第59号

アップル50年、デバイスとサービスが共に成長した仕組み

iPhone 3GSからアップル製品を使ってきました。創業50周年を迎え、売上高と稼働デバイス数を振り返り、デバイス間連携が顧客の選択にどう影響するか考えてみました。

ビジネスアップル50年、デバイスとサービスが共に成長した仕組み

アップルを使い続ける理由

2026年4月1日は、アップルの50回目の誕生日です。

1976年4月1日、スティーブ・ジョブズとスティーブ・ウォズニアック、ロナルド・ウェインがアップルを創業しました。50周年を前に、ティム・クックは公開書簡を通じて、アップルの製品で人々が成し遂げてきたことを振り返りました。

私はアップルを長く使ってきたユーザーであり株主でもあります。記念日を迎え、売上高がどれだけ伸びたのか、複数のデバイスとサービスを併用することがアップルの事業にどう役立ってきたのかを調べてみました。その過程で、アップルがユーザーに向けて一貫して伝えてきたメッセージも改めて読み直しました。

売上高に占めるサービスの比重の拡大

アップルの成長過程には経営危機もありました。今の規模を出発点にしてしまうと、その過程があまりにも簡単だったように見えてしまいます。
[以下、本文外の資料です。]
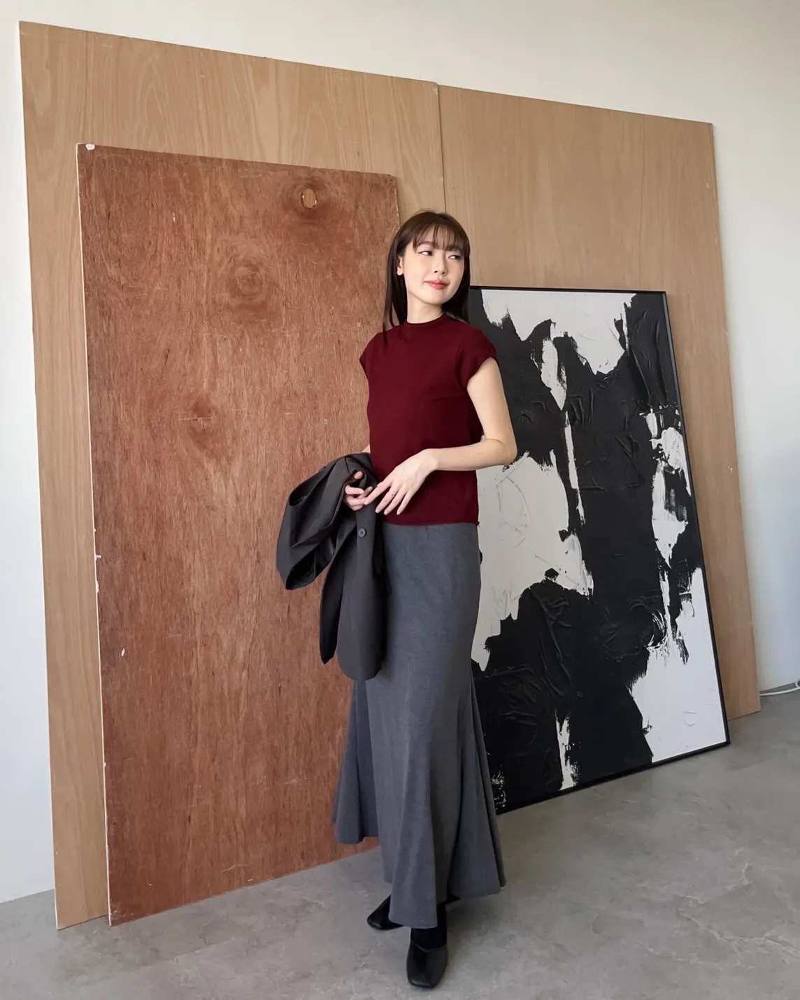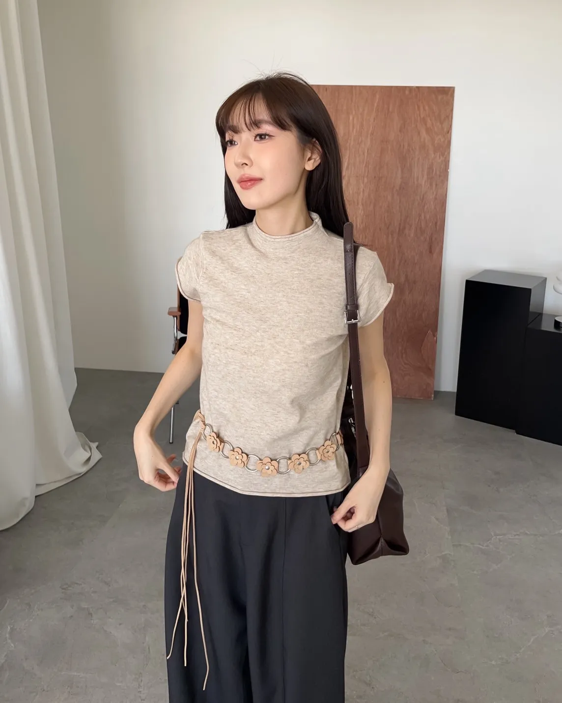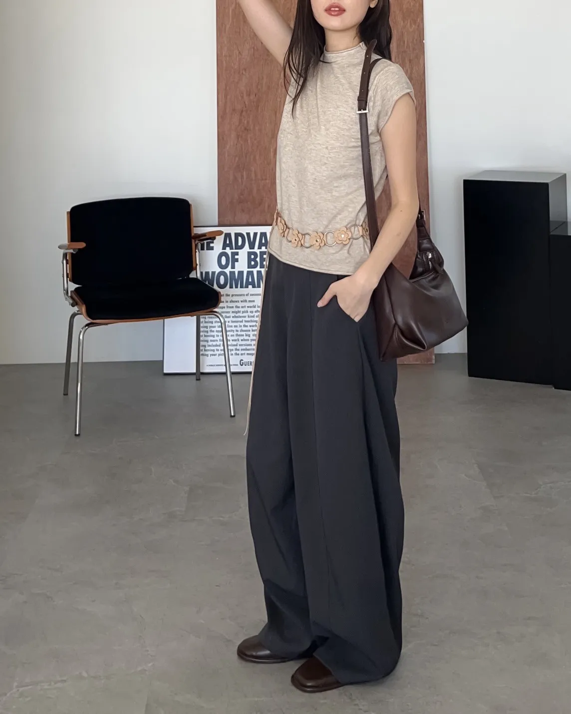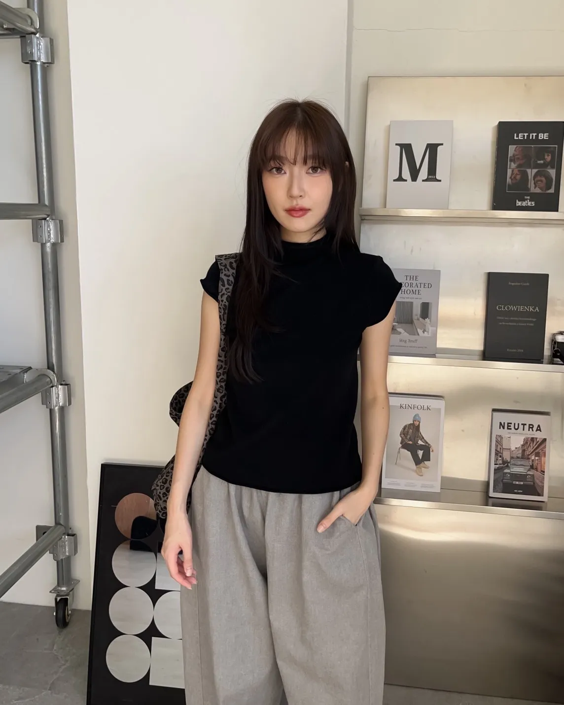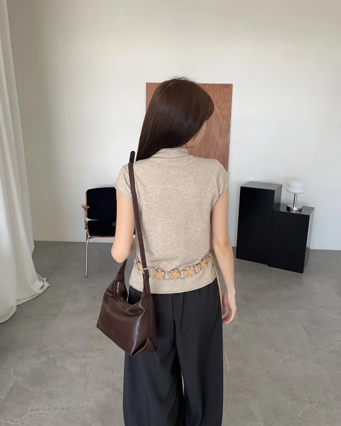 U0073知性美捲邊小立領針織上衣(杏/咖啡/紅/深灰/黑)

アップルは1980年12月12日、1株22ドルで上場しました。その後、ずっと順調だったわけではありません。1997年には経営危機に見舞われ、復帰したジョブズは製品と事業を立て直す必要がありました。

その年にマイクロソフトと結んだ提携も、この立て直しの一環でした。マイクロソフトはアップルの議決権のない株式に1億5,000万ドルを投資し、Mac向けOfficeの開発を継続することにしました。両社は特許のクロスライセンスにも合意しました。アップルの顧客が使っていた主要ソフトウェアを引き続きサポートするという意味がありました。

その後、アップルの事業規模は大きく変わりました。年次報告書によると、2015会計年度の売上高は約2,337億ドル、2025会計年度の売上高は約4,162億ドルです。同じ期間にサービス売上高は約199億ドルから1,092億ドルへと増加しました。全体の売上高に占める比重も約9%から26%へと拡大しました。

株価や時価総額には、今後の業績への期待が反映されます。実際の事業がどう変化したかを見るには、売上高の構成もあわせて確認する必要があります。アップルの場合、デバイスを販売した後もアプリやサブスクリプションサービスなどから売上が発生する比重が大きくなりました。

サービス事業の成長には、アップル製デバイスを使い続ける顧客の存在が重要です。デバイスを買い替えない期間でも、アプリを購入したり、クラウドストレージやコンテンツを購読したりできるからです。